While these two roles are clearly complementary, confusion about the boundaries can lead to dysfunctionality. For example, the data science group must not develop its own staging databases (to “ensure faster access” and avoid having to work with the data marts of IT), and the IT group should not seek to move beyond data and basic reporting toward predictive analytics (e.g., what might happen to particular groups of patients) or prescriptive analytics (e.g., what should be done for these groups of patients).

Market Responses to Data Science Opportunities

Third parties have been quick to recognize market inefficiencies. External commercial contractors are responding to these market imbalances between supply and demand by marketing and supplying analytical services to short-handed hospitals. For example, PeraHealth implements proprietary predictive algorithms for the prediction of clinical deterioration, and naviHealth offers similar services for the prediction of out-of-hospital outcomes. Cardinal Health, Aculyst, Health Catalyst, Truven Health Analytics (along with other IBM units), Vizient, the Advisory Board Company, and many other vendors also have robust and appealing options. Yet the advent of such commercial options leads to a familiar executive decision: Should we build internally or simply buy in?

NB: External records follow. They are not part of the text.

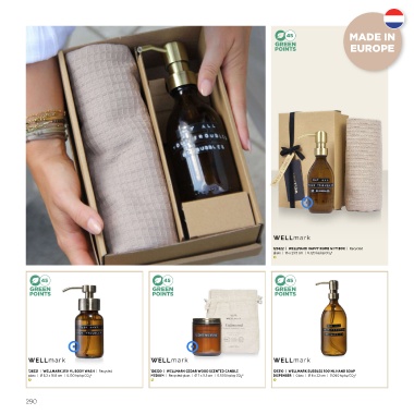 126321 | WELLMARK 250 ML BODY WASH | Recycled 126320 | WELLMARK CEDAR WOOD SCENTED CANDLE 126310 | WELLMARK BUBBLES 500 ML HAND SOAP
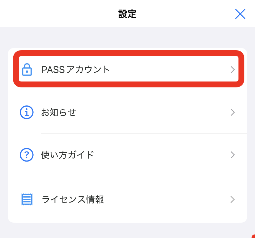 * 設定画面が表示されますので、PASSアカウントをタップしてください。
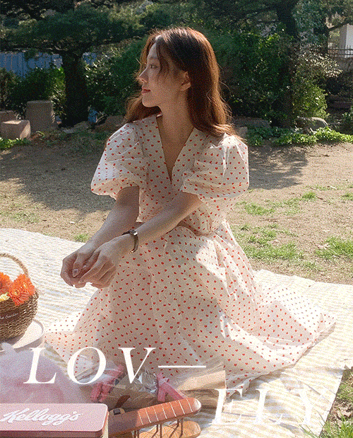[리본끈SET]]아이싯떼루 하트 만땅 V넥 원피스 [Free(55~77)]
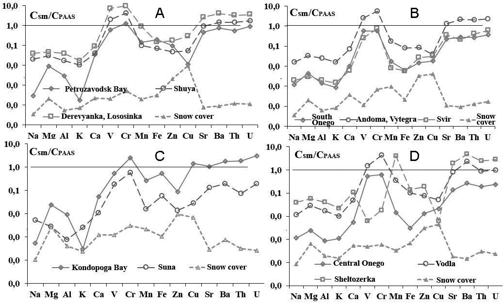 Fig. The spectrum of element contents in the suspension of the waters of the rivers, snows and Lake Onego, normalized to PAAS: A - Petrozavodsk Bay, r. Shuya, Derevyanka, Lososinka; B – South Onego, r. Andoma, Vytegra, Svir; C – Kondopoga Bay, r. Suna; D – Central Onego, r. Vodla, Sheltozerka.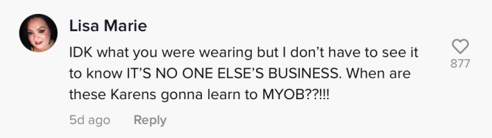 "IDK what you were wearing but I don't have to see it to know it's no one else's business," they wrote. "When are these Karens gonna learn to [Mind Your Own Business]?"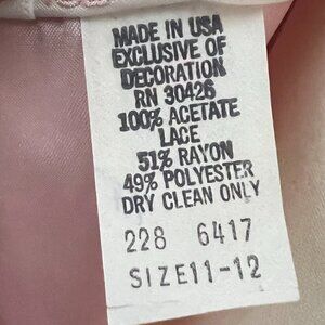 Vintage J.C. Penny Pink Lace & Satin Prom Formal Maxi Dress Puff Sleeves Size 11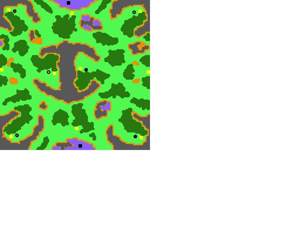 File Name: KPhammer.pud Description: Hammer by King Sley Dimensions: 128 x 128 Terrain: Forest No Players: 6 % Open Land: 51 % Forest: 27 % Water: 3 % Mountains: 19 Total Gold: 560,000 (10 mines) Total Oil: 10,000 (2 patches) Total Lumber: 349,500 Start Mines: 60,000 Other Mines: 50,000 Player 1 (Red) Person - Human (G=3500 L=2500 O=1000) 1 Peasant 1 Farm 1 Town Hall 1 Human Guard Tower Player 2 (Blue) Person - Orc (G=3500 L=2500 O=1000) 1 Peon 1 Pig Farm 1 Great Hall 1 Orc Guard Tower Player 3 (Green) Person - Human (G=3500 L=2500 O=1000) 1 Peasant 1 Farm 1 Town Hall 1 Human Guard Tower Player 4 (Purple) Person - Orc (G=3500 L=2500 O=1000) 1 Peon 1 Pig Farm 1 Great Hall 1 Orc Guard Tower Player 5 (Orange) Person - Human (G=3500 L=2500 O=1000) 1 Peasant 1 Farm 1 Town Hall 1 Human Guard Tower Player 6 (Black) Person - Orc (G=3500 L=2500 O=1000) 1 Peon 1 Pig Farm 1 Great Hall 1 Orc Guard Tower

The Build-Versus-Buy Dilemma

In one view, outsourcing data analytics makes a lot of sense for smaller hospitals and financially constrained health systems. When an analytics product is relatively robust (for example, predictive analytics for in-hospital outcomes is rapidly maturing), reinventing the wheel does not make sense. Defining a palette of such basic services and selling them to a busy hospital C-suite is likely to ensure speed to market, guaranteed results, variabilized costs, and the ability to keep up with similar-sized peers.

However, another view is less sanguine about the collective failure of hospitals to develop a dedicated corps of analysts in-house, to provide them with adequate resources, and to ensure that their leaders have a seat at the top table. There are very few core competencies of a hospital that do not hinge on intensive data analytics informed by domain experts who are familiar with the hospital’s internal and external environment and who respond to the hospital’s business strategy. The American Hospital Association (AHA) makes this clear in its articulation of the “must-do strategies” and “core competencies” that hospitals must adopt in order to survive in a value-based economics model.

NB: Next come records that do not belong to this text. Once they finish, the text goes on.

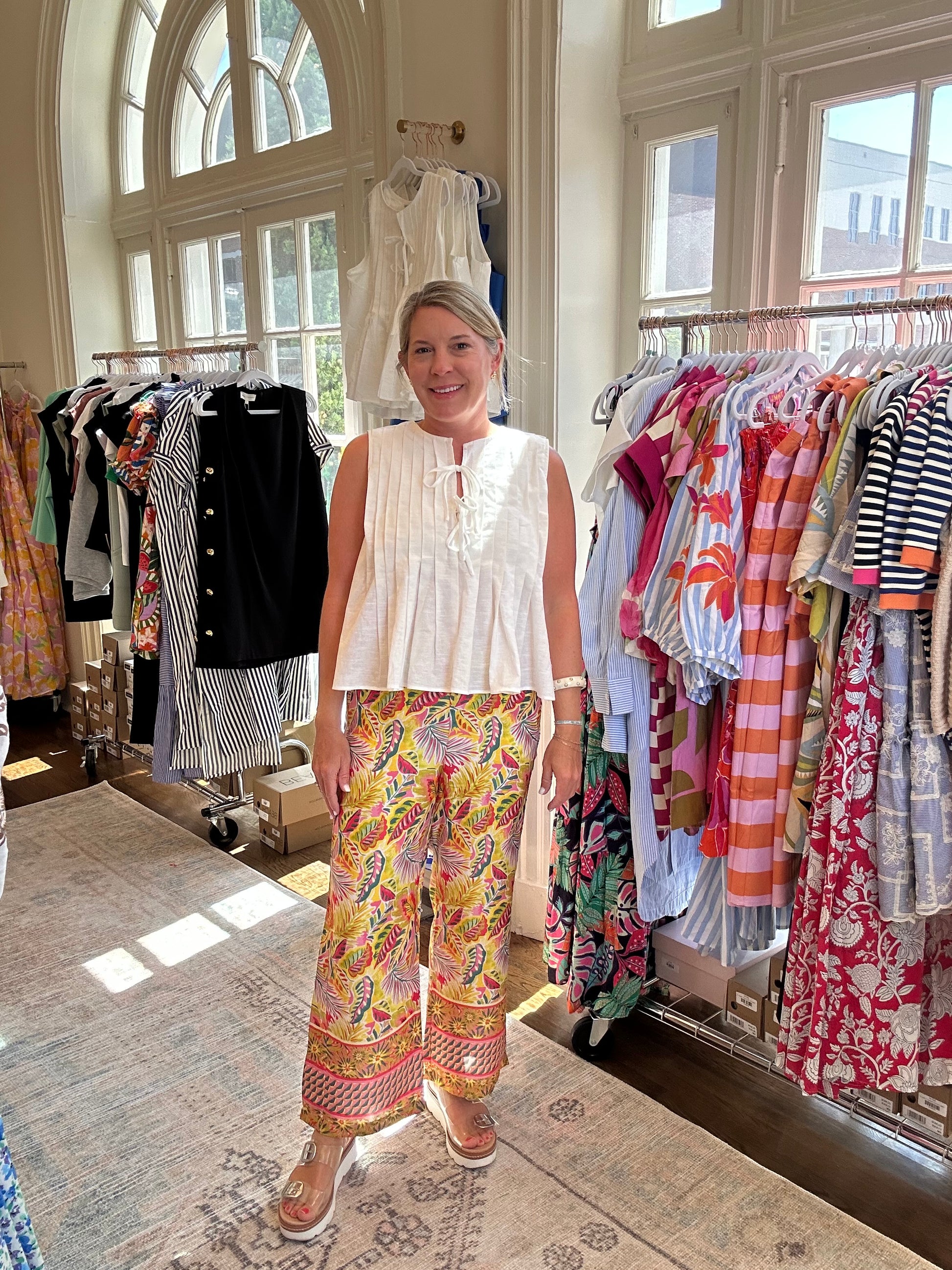 Turn heads in our Karlie Tropical Satin Pants. Dress them up or dress them down! Pair with our Karlie bodysuit!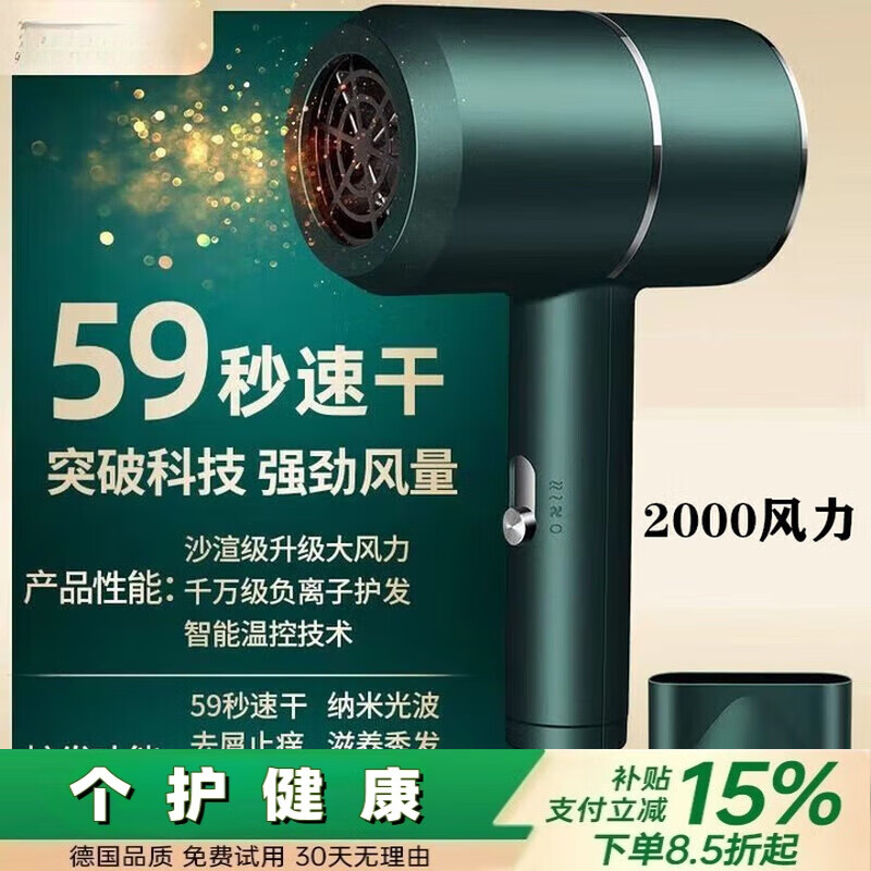 戴森德乐学生宿舍吹风机负离子家用护发大功率宿舍发廊不伤发网红电电吹风 翡翠绿 蓝光负离子+可折叠+智能恒温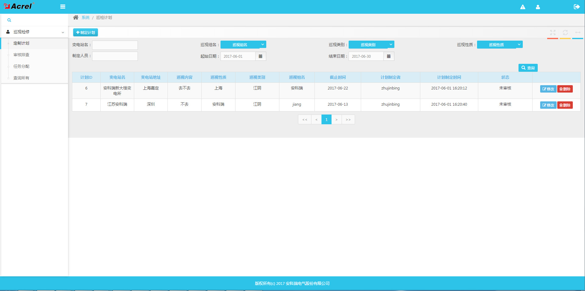 通過系統(tǒng)編制巡檢計(jì)劃,經(jīng)審核后生成巡檢任務(wù)推送到巡檢人員的手機(jī)上,巡檢人員執(zhí)行巡檢任務(wù)并登記巡檢內(nèi)容;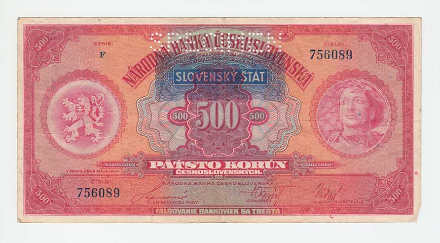 3273. 500 Koruna 1929 - přetisk, sér. F, BHK.44, He.47a.s1,
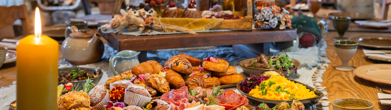 Follow your guide back over the double arch stone bridge to The Millhouse, just across the water from The Green Dragon Inn, where you will be treated to a breakfast spread fit for a Hobbit. The breakfast table will be heaped with seasonal fresh fruit, breads, pastries, preserves and cold meats. A hot breakfast selection featuring an assortment of a Hobbit's favourite breakfast staples including fluffy scrambled eggs, streaky bacon, potatoes, grilled sausages and rosemary mushrooms will be available.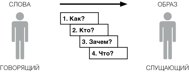 Человек говорящий приходит к пониманию «как» в последнюю очередь, а слушатель именно это воспринимает в первую очередь. Такое «порядковое» несовпадение делает коммуникацию достаточно сложным процессом, а нежелание (неспособность) учитывать это при подготовке коммуникации приводит говорящего к краху задуманного.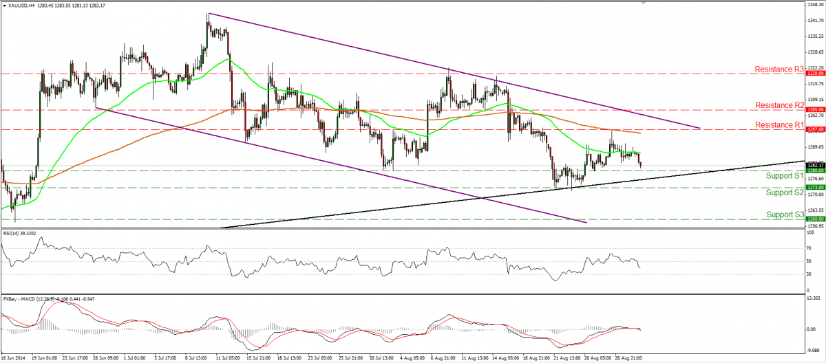 sr20detgt 1,468 Report post Posted September 2, 2014 GOLD USD 02 09 2014 • Gold declined yesterday, and today during the European morning it seems ready to challenge the support level of 1280 (S1), which lies slightly above the long-term upside support line (black line) drawn from back at the low of the 30th of December. The metal is also trading within the purple downside channel connecting the highs and the lows on the daily chart. However, given our proximity to a strong support area, I would remain neutral for now. Only a clear and decisive dip below 1273 (S2) could turn my attention to the downside. Such a move could pave the way for the 1260 (S3) zone. On the upside, a rebound near the aforementioned black line is likely to aim for another test near the 1297 (R1) hurdle. • Support: 1280 (S1), 1273 (S2), 1260 (S3) • Resistance: 1297 (R1), 1305 (R2), 1320 (R3) CR : http://www.forex-tri...al-Analysis.php 1 Quote Share this post Link to post Share on other sites
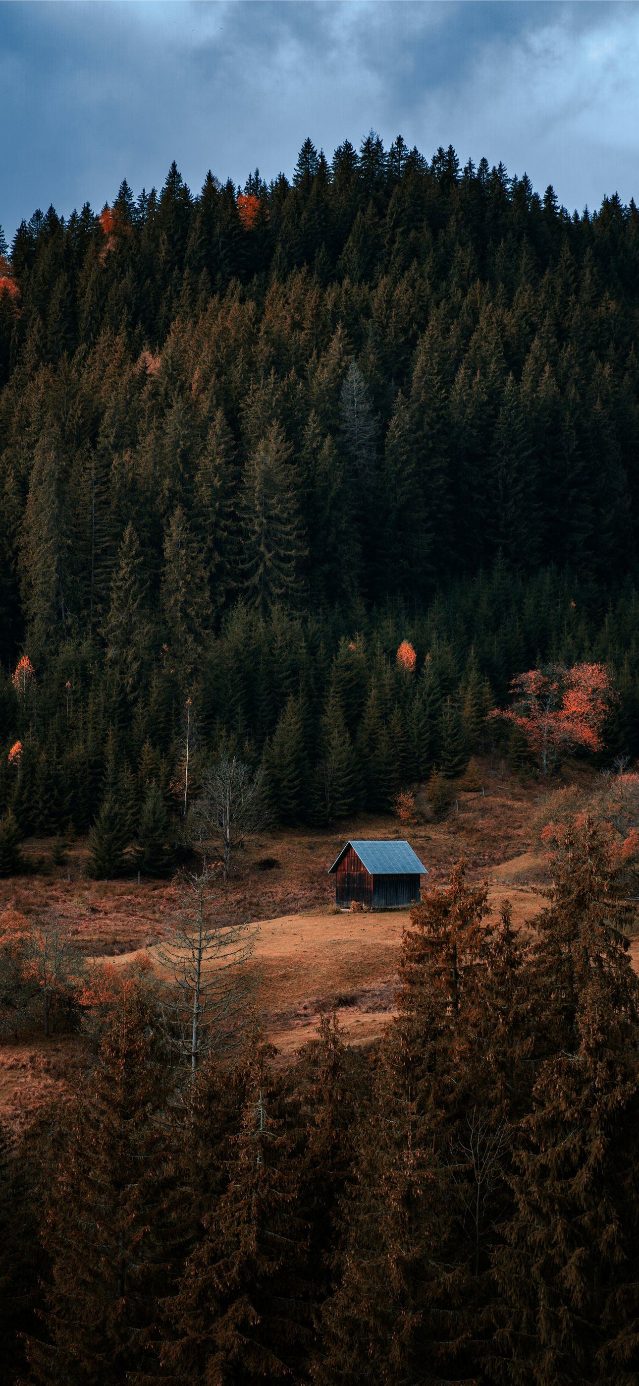 a cabin nestled in the middle of a forest iPhone wallpaper

In this view, if health systems and hospitals depend on vendors to define the pertinence of information and to drive the agenda at clinical and administrative team meetings, then it is difficult to see how locally tailored, timely, and responsive strategic changes and tactical modifications can be made to innovations in, for example, care delivery. If we similarly allow external vendors to decide what data, information, and insights should be brought to the attention of senior leadership, then we disempower our own employees and internal domain experts.

The answer, as always, likely lies somewhere between these two extreme views. Without locally customized and owned data science, delivery science can at best offer a standard, average utility service. But for many smaller hospitals and systems, relying on trustworthy vendors and mature external products is likely to be an acceptable and cost-effective solution.

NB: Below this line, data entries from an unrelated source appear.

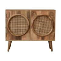 The Larissa cabinet will stand out in your interior thanks to its understated look and subtle originality. The beautiful grain pattern and rattan design do not make this sideboard any less functional. In fact, it has two doors and drawers inside which offer plenty of storage space. It makes it simple to store your tableware or your papers whether you decide to keep it in the dining room or the living room.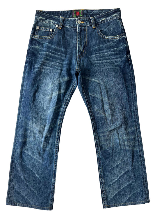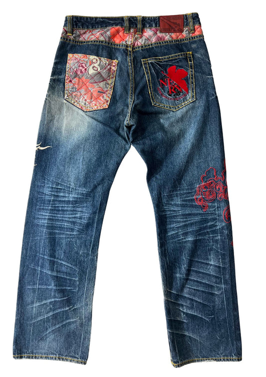 2000s Vintage Neon Genesis Evangelion x NISHIKI 'Type 01 Japanese Pattern' Embroidered Jeans (36")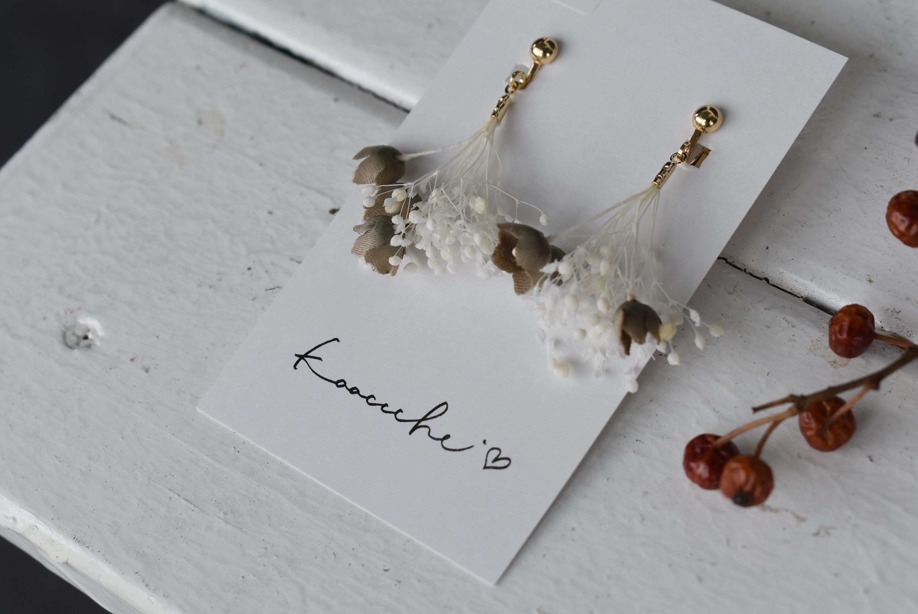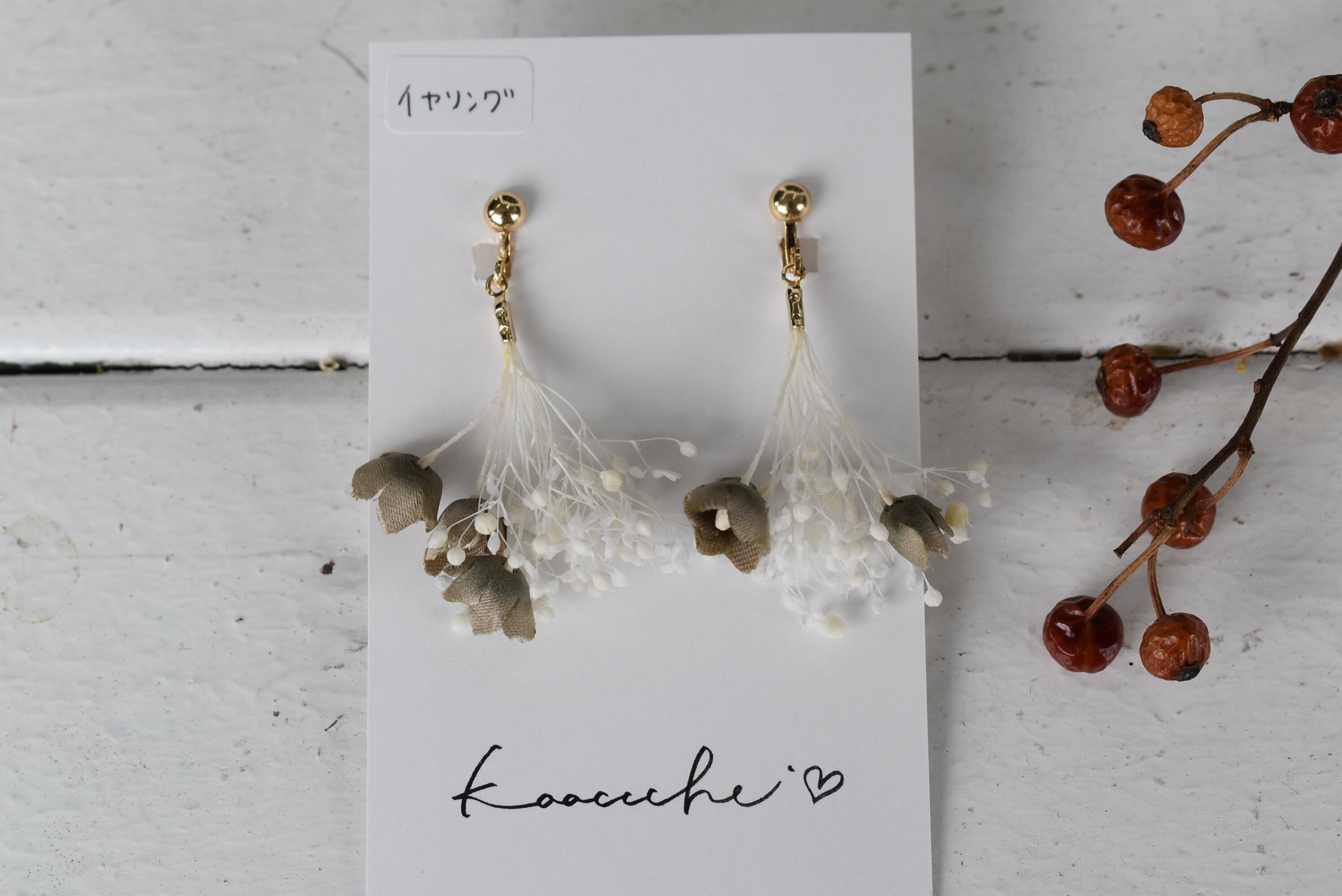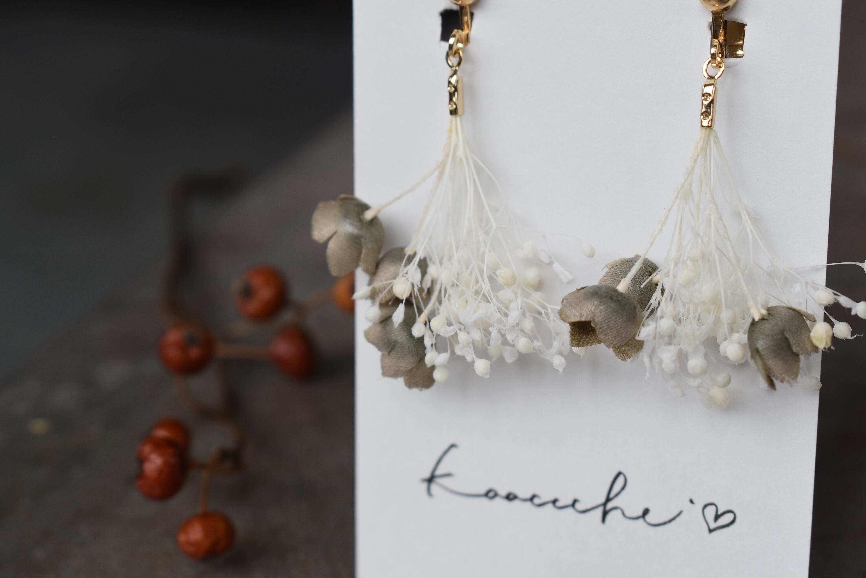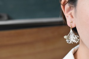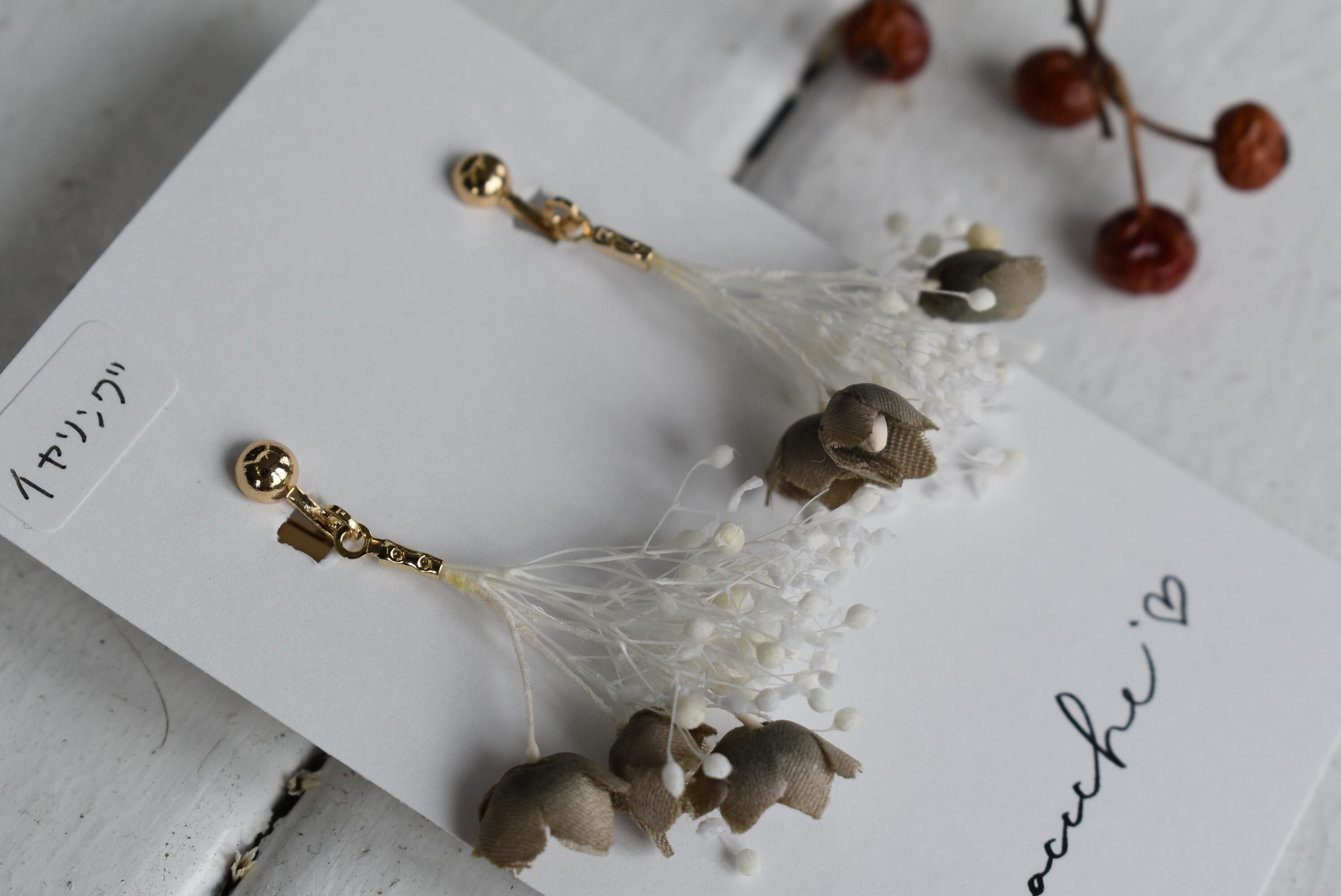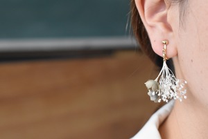 白のかすみ草とダークグレーのすずらんが合わさったイヤリングです。

However, becoming a utility service is not likely to be the aspiration of the AMCs in the United States. Leading the way in advancing health care analytics is consistent with and builds on the AMCs’ research, education, and care missions. AMCs should make large-scale personnel investments in data science; these 1,000 to 2,000 additional professionals will collectively cost the AMC side of the industry just $150 million to $300 million annually. The data are “free” and are already there.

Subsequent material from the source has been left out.